Michaela made a piece of art the other day…
We have been thinking about the shocking ‘othering’ that has typified our nation’s response to the world wide refugee crisis. There are of course many beautiful exceptions, but by and large here in the UK, we do not make the outsiders welcome. Rather we fear them, label them and export them even if they manage to climb over our high walls. How can we, insignificant and insulated as we are, respond? How can we express our outrage in a way that is meaningful? How can we look deeper? How can we invest in the hope of change and the progression towards something better?
There are lots of active ways of course- getting involved in protest or seeking to offer some kind of direct support to those in need, be it financial or physical. These things are a vital part of any change process.
But there is another component. How do you shift the zeitgeist? How do you start to change wider opinions? For this, we need to engage in the ‘theatre of the spirit’. Here we need our artists. We need our theopoets.
Michaela is one of these, but she would look at me very impatiently if I suggested it to her.
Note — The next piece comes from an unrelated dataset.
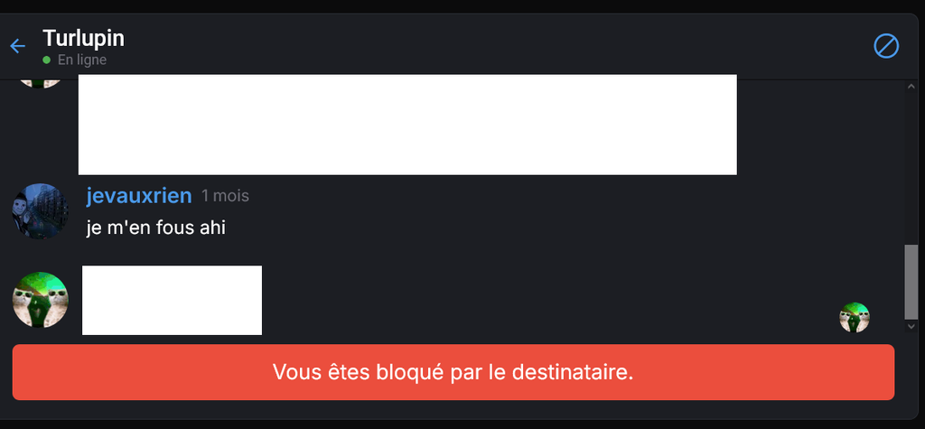 "si je bloque c'est justement pour couper court après des propos ou un comportement cancer mais tu le sais très bien, arrête de faire ta victime par derrière sur des topics, grillé mdr "

She does not waste time on theological ponderings, being too busy with other things.
She took a poem I wrote, extracted her own truth from it, and made this;

It features a woman wearing a head scarf with one foot in Syria, planting a young shoot in the UK.
She is mounted on a plinth with a large map.

The poem I mentioned is this one;
Gods
Sometimes I fear that we were given only empty promises
by a far-away-god who casts knowing glances while
We wind towards inevitable destruction like unregulated clocks.
The god of love, who will watch most of us burn.
The god of grace whose good folk gorge whilst others starve.
The god whose justice is skewed and whose faithfulness is unreliable
The god made entirely in my own image, and
Both of us are broken.
.
But sometimes, just beyond the spectrum of visible light
I glimpse the afterglow of a different god
Who is in all things, but is not enclosed
Who is in everything, but in not exclusive
Who is above all things, but never aloof.
Who is below all things, but never debased
Who centres himself everywhere
but lacks circumference.
Who confounds all those who seek to constrain
Where she might be recognised.
.
(In the whorl of every new born finger and
every uncurling leaf.
Deep in each fossil hiding in the old stones
Used to build mosques or cathedrals
The god who waits in Aleppo dust like ancient seed
The god knows the weight of the ocean
But measures it in love.

On being confronted by this piece, our reaction is not intellectual alone, it is also physical and spiritual. This is the nature of art. This is the nature of theopoesis.